Además del todo, ni se lo llamaban de impuesto. Era llamado de tributo—un aspecto de veneración y culto. Tributo a César era una forma de prestar culto a los dioses de roma. Era un sacrilegio para todo judío, mucho más que cualquier otro aspecto de la opresión romana. Dar el tributo era una declaración de que Roma tenia derechos divinos en gobernar a Israel. Además de contrariar los mandamientos de Iahvé, Dios de Israel, era un insulto a la posición de Iahvé por delante de los dioses de Roma y la posición del pueblo como ¡pueblo del único Dios, todopoderoso!

¿Cómo podía un judío no tener problemas con eso? Servir a otro que no sea Dios era anátema para todo el pueblo. Un religioso no se podía ponerse contra Dios, pero también no podía ponerse contra los romanos sin recibir la ira de Roma.

¿Debemos o no, pagar el tributo a César?

Sabían que al preguntar a Jesús sobre el requerimiento del tributo a César lo tenían atrapado. A nadie les gustaba pagar impuestos, mucho menos el tributo. Todos los veían como mucho más que una incomodidad. Se Jesús se pronunciara contra los impuestos, la gente aplaudiría, pero los soldados lo meterían a la prisión y muerte por insurrección y traición a Roma. No había respuesta a dar. ¡Eran el pueblo de Dios y no debían ni impuestos ni tributo a nadie!

Jesús les sorprendió a todos. Su respuesta fue mucho más de lo que cualquier esperaba.

Enseña-me la moneda del tributo. ¿De quien es la imagen?

Es de César, fue la respuesta. La imagen por si era vista contrario al mandamiento de Dios. Hacer una imagen era un paso o hecho idólatra. Servir a una imagen era otro paso. Mantener la imagen consigo era igualmente una forma de idolatría. Era dar confianza o respeto a una escultura en metal más que a Dios.

Si la moneda proviene de César, regresa-se-lo. Lo que tiene imagen de Dios, de-se-lo de regreso a Dios.

No sabían contestar a Jesús. El tributo exigido era algo hecho por hombres. Guardar-lo para si era más idolatría que regresar-lo a su originador. Lo que Dios exigía era mucho más que la moneda del tributo. Era el tributo de una vida completa entregue en las manos de Dios. Era el respiro, el sudor, la palabra y lo demás de las posesiones.

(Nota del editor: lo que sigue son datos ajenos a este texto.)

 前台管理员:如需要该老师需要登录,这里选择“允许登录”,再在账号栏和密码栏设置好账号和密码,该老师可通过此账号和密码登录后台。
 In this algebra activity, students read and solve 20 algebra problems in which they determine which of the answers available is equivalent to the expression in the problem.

Mientras los judíos pensaban del tributo como acto idólatra, participaban en otra idolatría al adorar a sus bienes, monedas y oro en lugar de honrar a Dios con el completo de sus vidas. Se debían el tributo de una moneda a César por obligación, ¡cuánto más debían de entregar a Dios!

En las Escrituras del día, se hablaba del diezmo. Era la décima parte del ingreso que se debía a Dios. Había también las otras ofrendas exigidas que en su total eran más como la séptima parte. Como el sábado era la séptima parte del tiempo entregado a Dios, también la séptima parte de los recursos era debido en culto y servicio a Dios. Eso era la base de gran parte del culto a Dios. Era forma dupla de reverenciar a Dios y de demostrar su dedicación y compromiso.

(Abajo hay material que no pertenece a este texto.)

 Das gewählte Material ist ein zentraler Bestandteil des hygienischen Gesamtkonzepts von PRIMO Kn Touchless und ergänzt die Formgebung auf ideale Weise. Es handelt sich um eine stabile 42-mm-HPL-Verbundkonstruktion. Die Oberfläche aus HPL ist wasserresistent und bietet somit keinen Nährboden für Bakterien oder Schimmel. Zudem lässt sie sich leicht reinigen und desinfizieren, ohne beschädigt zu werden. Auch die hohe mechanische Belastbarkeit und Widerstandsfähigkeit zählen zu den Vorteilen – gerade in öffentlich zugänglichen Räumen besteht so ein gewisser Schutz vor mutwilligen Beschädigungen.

Para Jesús, no era lo suficiente. Mientras pensamos del diezmo como un máximo, Jesús lo consideraba un mínimo. Mientras pensamos en los impuestos como obligación inapropiada, Jesús lo consideraba una mera parte de la vida. Dedicación a Dios, en lo tanto, exigía mucho más. Era cuestión de dar el todo—los cien por ciento.

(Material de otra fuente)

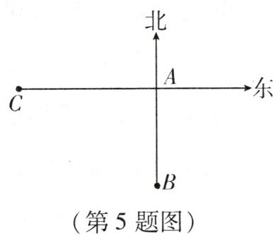 5. 小王与小林进行遥控赛车游戏,终点为点$A$,小王的赛车从点$C$出发,以$4m/s$的速度由西向东行驶,同时小林的赛车从点$B$出发,以$3m/s$的速度由南向北行驶(如图)。已知赛车之间的距离小于或等于$25m$时,遥控信号会产生相互干扰,$AC = 40m$,$AB = 30m$。出发$3s$时,遥控信号是否会相互干扰?

Para Jesús, lo económico no era una cuestión aparte de la fe. Era un aspecto intrínseco a la fé. Como se maneja el tiempo es importante a Dios. Como se maneja el dinero es importante a Dios. Como prestamos cuenta de la vida en todos sus aspectos y partes no se debe o puede separar del relacionamiento con Dios. Adonde investimos nuestro tiempo, dinero y recursos es donde investimos nuestra adoración y culto real.

Mientras queramos ignorar como los judíos nuestras obligaciones económicas, esas responsabilidades y como actuamos con ellas, son indicadores de la condición de nuestra fe.

¿Que seria de nosotros se Dios se nos tratara como los bancos y empleos al tratarlos como tratamos para con nuestras responsabilidades delante de Dios?